What we don’t say is that the truth of our sexual anxieties are derived from a history of warped power fantasies, and we construct these homophobic narratives and breed homophobic violence to protect ourselves from the evidence of our past, our existence as non-human chattel vulnerable to sexual violation. In hiding from the artifacts of our self-making, the burdens of our shame have befallen the bodies of queer Black men, those whose histories we share and who are owed for the horror of our deeds.

RELATED: Delectable Negroes: On precarity, death, and the Black queer male body

A Body of Lies

The argument against fluid, non heterosexual expressivity, especially homosexuality, in Black communities is often reduced to “because white men stripped the Black man of his manhood on the plantation, the Black man has become feminized today and we must reverse the process to reclaim our power as men.” The problem with this argument, aside from conflating femininity with weakness, is that it simplifies and deflates the complexities of Black-white male interactions in very close sexual proximities on the plantation, discouraging any proper investigation into the relative psycho-sexual repercussions of human subjectation in America.

Since the nineteenth century, the record of interactions between Black and white men during the period of the Trans-Atlantic Slave Trade and into the Civil War has been questionably distorted. Much writing in study, or in account, of the sexual relationships, abuses, and relational complexities of the period is in reference to female-to-male relationships, less about relationships among men. Vincent Woodard, author of The Delectable Negro: Human Consumption and Homoerotcism within US Slave Culture, references scholar Robert F. Reid-Pharr’s critiques of absent narratives of complex male-to-male relationships on the plantation, in relationship to the male accounts of female-to-male sexual encounters and abuses, when describing a culture of racially-based sexual consumption.

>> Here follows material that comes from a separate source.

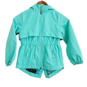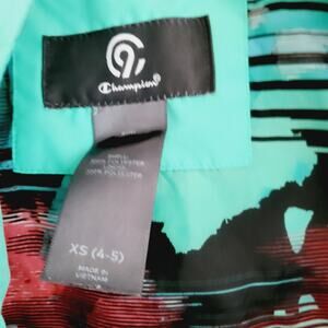 Champion teal aqua color light weight wind breaker hooded jacket. Size 4/5. Excellent used condition. Zip up pockets on front.
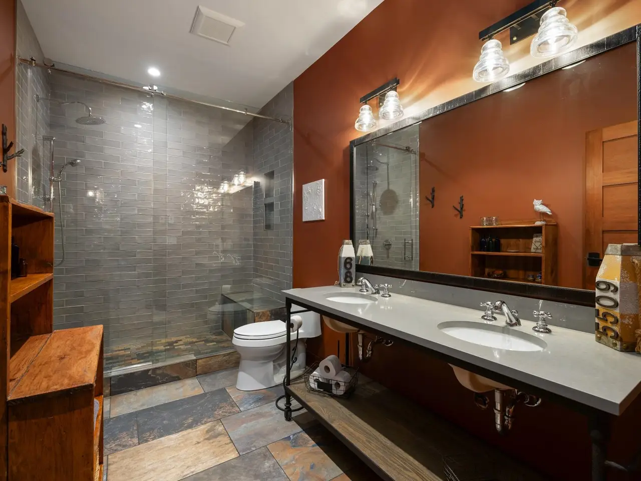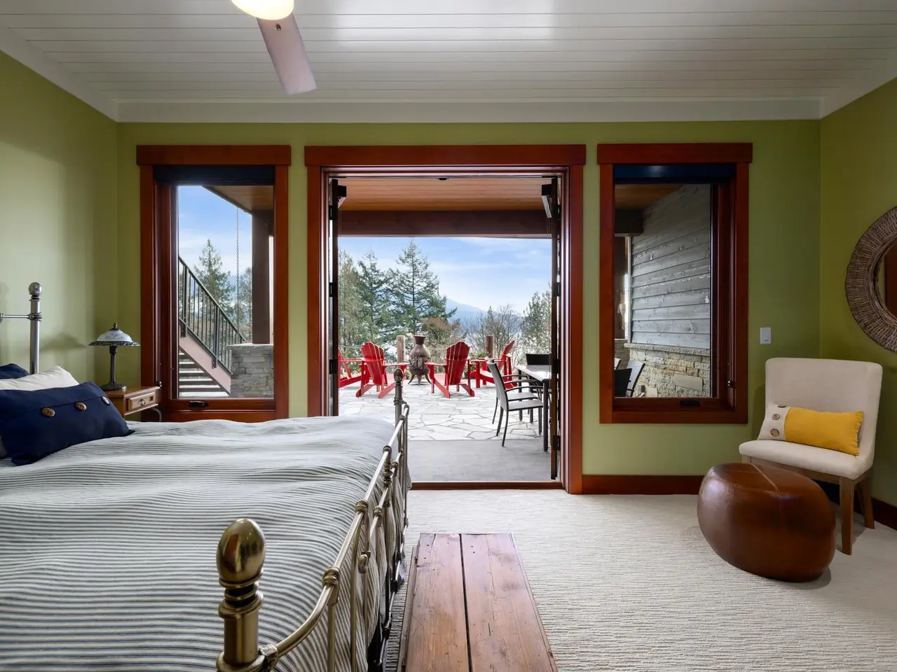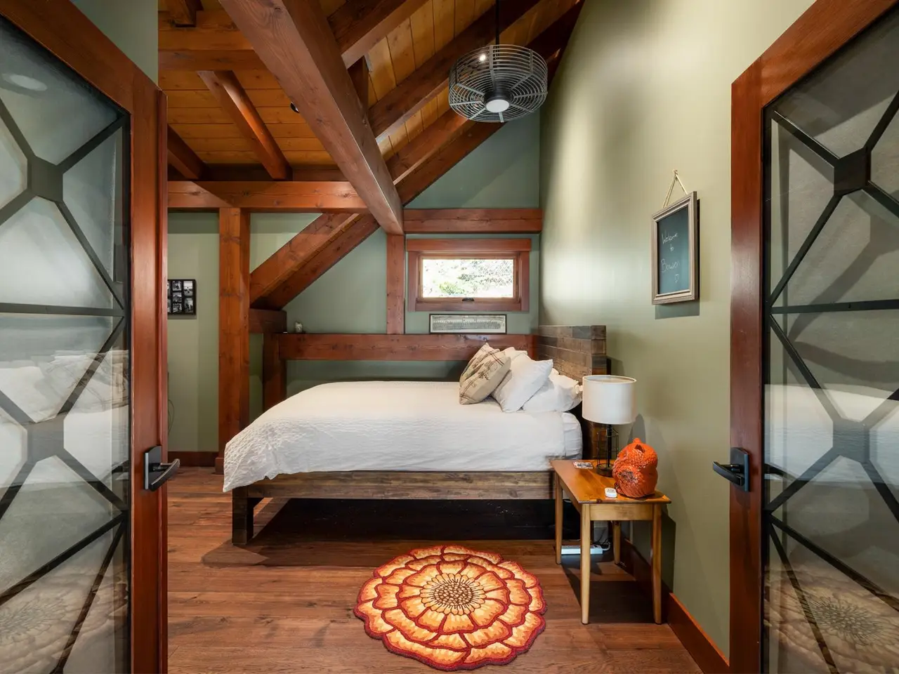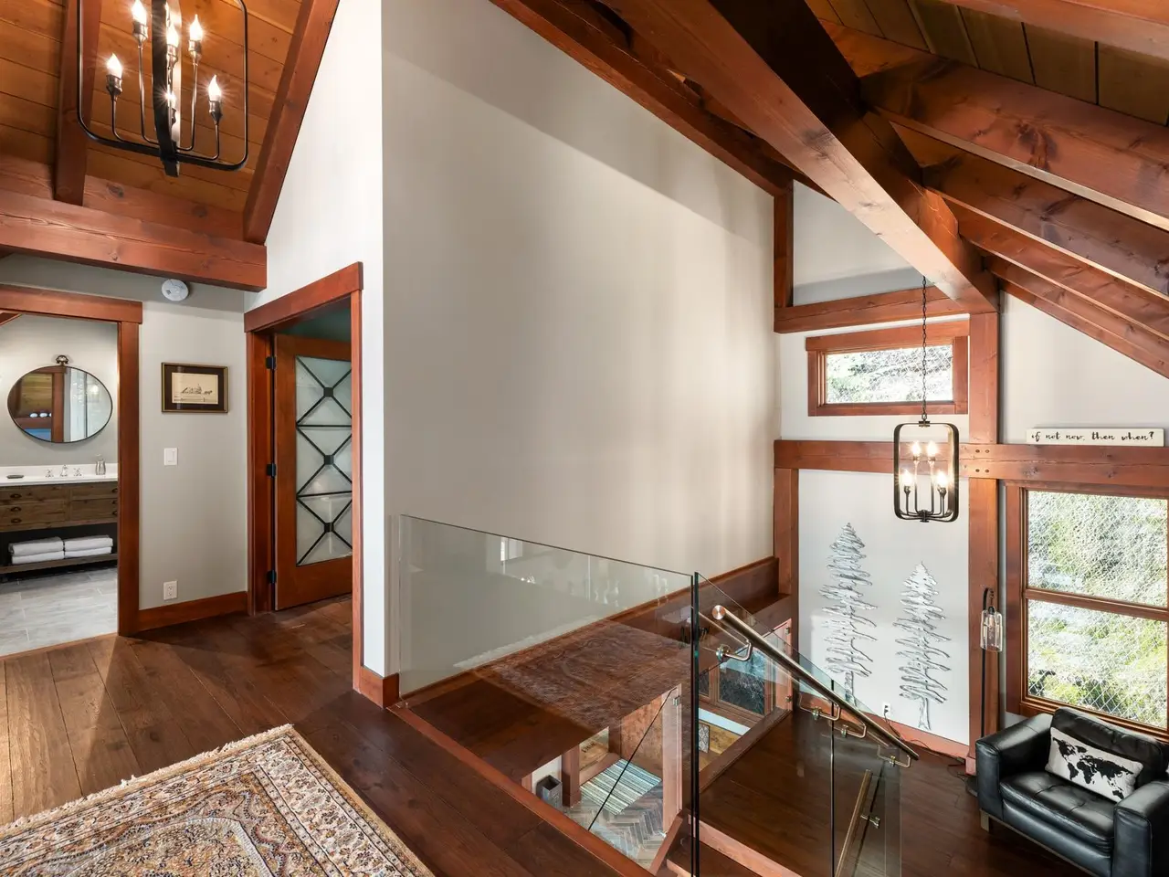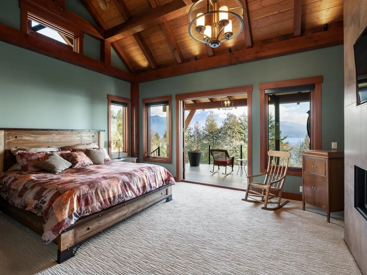 • Main level primary bedroom with cathedral timberframe ceilings

According to Woodard, “Reid-Pharr’s assertions are borne out in the heartrending depictions of black men’s slave narratives and autobiographies of black mothers, daughters and wives raped by white men or the whole lynching and raping dynamic wherein black men are the historical objects of lynching and castraton and black women serve as historical objects of rape.” Disrupting these dynamics of gendered victimization throws out of balance the digestible heteronormatve arrangements of properly gendered performances on the plantation. Woodard’s reading of Reid-Pharr suggests, “The image of the white (Southerner) fucking the black man, however, throws all this into confusion.”

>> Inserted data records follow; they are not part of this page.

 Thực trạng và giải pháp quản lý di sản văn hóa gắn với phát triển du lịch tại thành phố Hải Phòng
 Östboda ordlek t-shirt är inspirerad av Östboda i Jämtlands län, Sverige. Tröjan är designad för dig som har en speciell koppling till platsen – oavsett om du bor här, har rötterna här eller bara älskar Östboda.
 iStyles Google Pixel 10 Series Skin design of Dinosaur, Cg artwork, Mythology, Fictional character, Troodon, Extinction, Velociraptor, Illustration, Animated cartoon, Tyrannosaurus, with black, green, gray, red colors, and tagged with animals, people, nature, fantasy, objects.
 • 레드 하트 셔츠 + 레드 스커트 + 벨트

It is much easier to arrive at a binary relationship between Black male subjectation and the memory of slavery, when the evidence of male-to-male relationships are so fluid, warped, and complex. Woodard contends, referencing Frederick Douglass’ possible omissions of experienced sexual trauma and consumption, “Black men in such contexts had to negotiate feelings of affection, hatred, shame, sexual degradation, and arousal toward white men. Cannibalism was unspeakable, but cannibalism coupled with the subject of homoeroticism went into conventional ideas of black men as stoic, as embodiments of the valiant struggle of will and mind over body, as agents of reason and political strategy. To speak about ‘the feelings’ associated with his own flesh consumption would have aligned Douglass too deeply with unspeakable knowledge of the body as sexual and sensual object, potentially undermining the literary and literate authority we have come to associate with his masculinity.”

These omissions of experience, from the memory of Slavery, create a casym between evidence and performance, meaning that there are parts of our self-making, post Slavery, which have been made up to erase the memory of sexual and emotional trauma and experience. The immediate consequence being a misrepresentation of cultural identity and a conflation of intercultural histories for the sake of a type of comfort in post-Slavery performances. For example, suggesting that proper Black masculine expression is absent homoerotic impressions or same-sex desire because heterosexual Black men never allowed themselves to be sexually consumed on the plantation is to suggest that modern binary gender impressions stopped both sexual abuse and male-to-male desire, no matter the shape of these interactions.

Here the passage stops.